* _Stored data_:
————

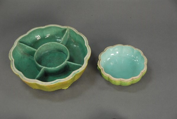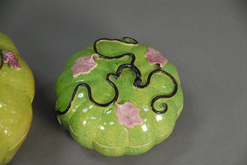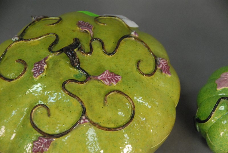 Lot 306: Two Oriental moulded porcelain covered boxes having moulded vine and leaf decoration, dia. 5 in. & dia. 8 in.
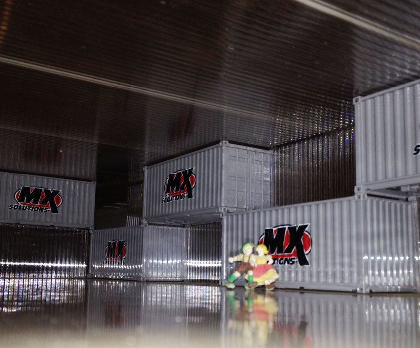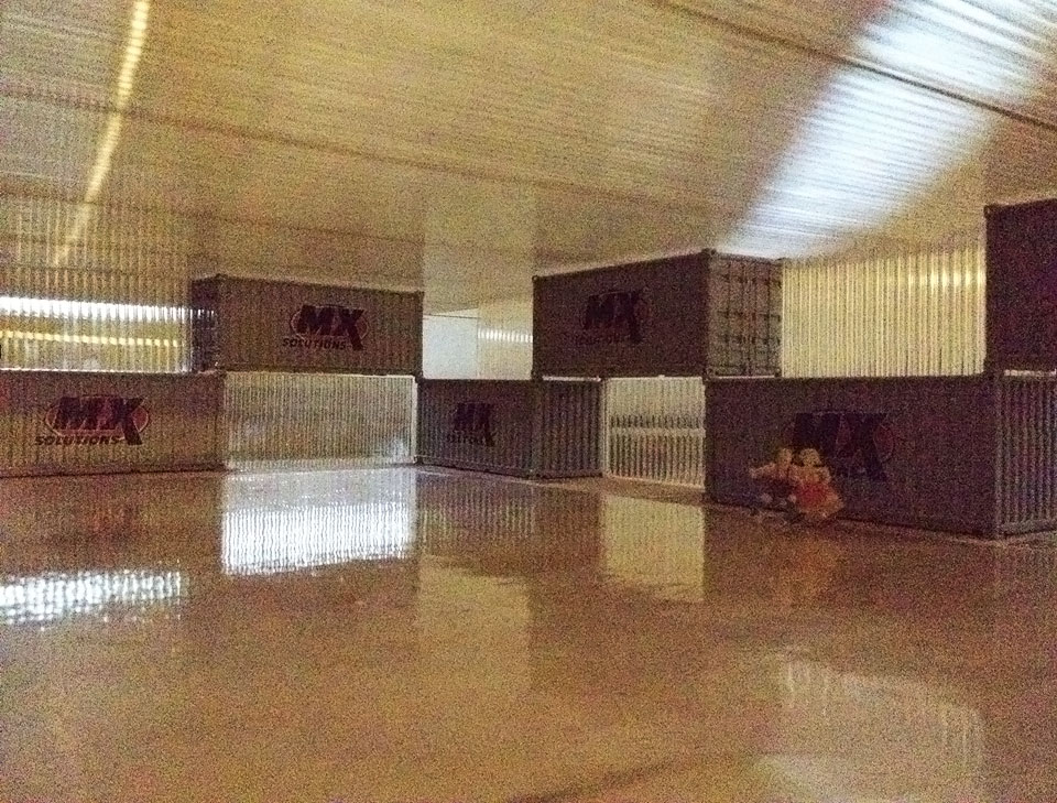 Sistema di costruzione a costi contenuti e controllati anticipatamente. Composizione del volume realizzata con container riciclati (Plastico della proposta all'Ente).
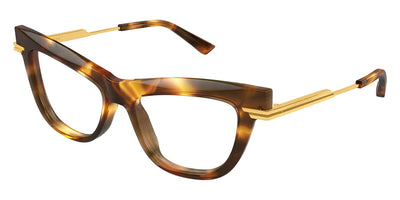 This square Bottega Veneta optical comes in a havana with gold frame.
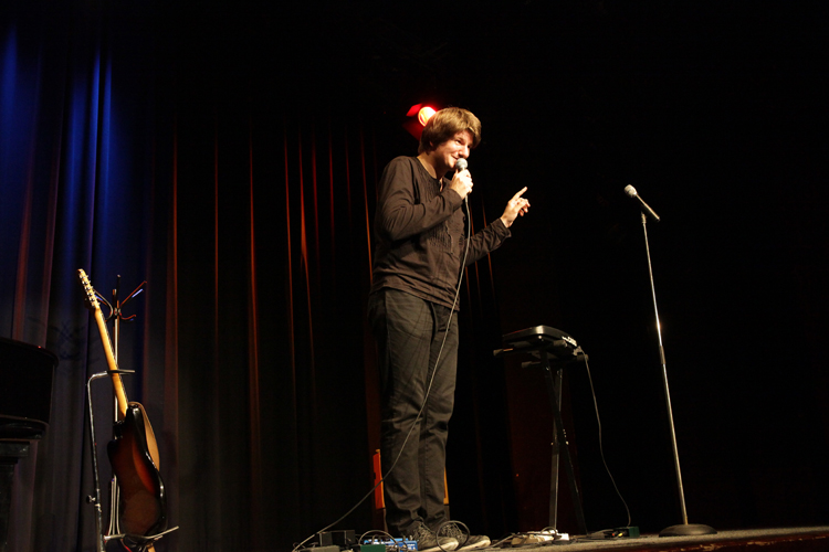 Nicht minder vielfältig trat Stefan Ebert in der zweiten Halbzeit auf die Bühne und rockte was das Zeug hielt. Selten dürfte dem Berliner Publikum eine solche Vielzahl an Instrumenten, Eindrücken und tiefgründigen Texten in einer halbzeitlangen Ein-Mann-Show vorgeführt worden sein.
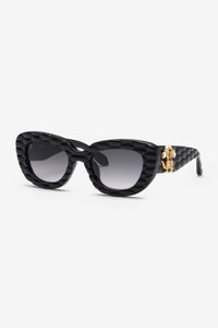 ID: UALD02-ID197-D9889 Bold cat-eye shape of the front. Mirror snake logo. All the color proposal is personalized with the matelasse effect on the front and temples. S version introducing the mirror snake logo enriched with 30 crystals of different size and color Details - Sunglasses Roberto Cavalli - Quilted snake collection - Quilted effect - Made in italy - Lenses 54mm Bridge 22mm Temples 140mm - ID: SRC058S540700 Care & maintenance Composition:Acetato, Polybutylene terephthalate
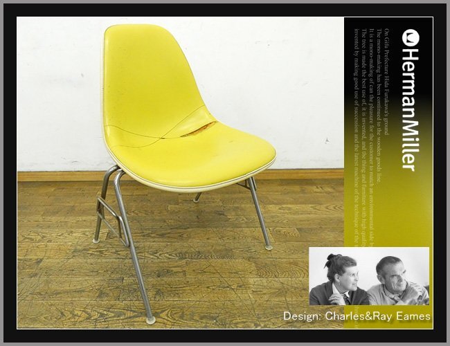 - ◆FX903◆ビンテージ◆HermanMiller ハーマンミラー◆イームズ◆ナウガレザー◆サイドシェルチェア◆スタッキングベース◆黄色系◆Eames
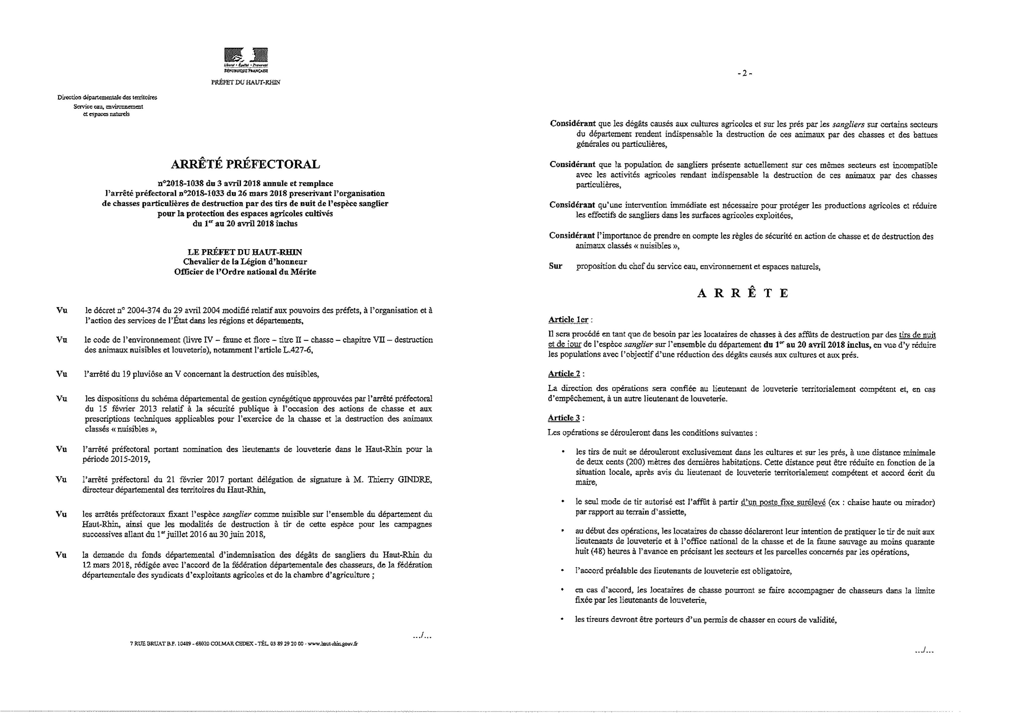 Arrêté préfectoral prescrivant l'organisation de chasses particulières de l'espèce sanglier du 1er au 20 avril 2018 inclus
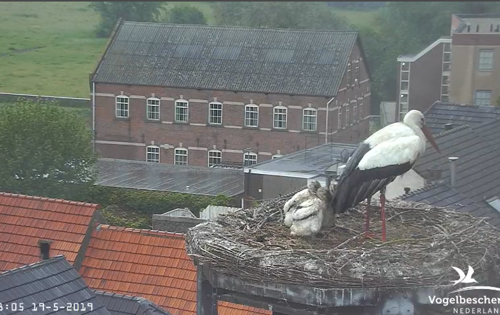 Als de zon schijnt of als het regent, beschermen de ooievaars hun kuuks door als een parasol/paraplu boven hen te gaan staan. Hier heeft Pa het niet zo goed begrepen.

————

* _Task_: Nothing but the lines from the one with "Nicht minder vielfältig" up to and including the one with "ID: UALD02-ID197-D9889 Bold" should be printed, exactly as they read above. Please keep the pictures out.

* _Exercise solution_:
 Nicht minder vielfältig trat Stefan Ebert in der zweiten Halbzeit auf die Bühne und rockte was das Zeug hielt. Selten dürfte dem Berliner Publikum eine solche Vielzahl an Instrumenten, Eindrücken und tiefgründigen Texten in einer halbzeitlangen Ein-Mann-Show vorgeführt worden sein.
 ID: UALD02-ID197-D9889 Bold cat-eye shape of the front. Mirror snake logo. All the color proposal is personalized with the matelasse effect on the front and temples. S version introducing the mirror snake logo enriched with 30 crystals of different size and color Details - Sunglasses Roberto Cavalli - Quilted snake collection - Quilted effect - Made in italy - Lenses 54mm Bridge 22mm Temples 140mm - ID: SRC058S540700 Care & maintenance Composition:Acetato, Polybutylene terephthalate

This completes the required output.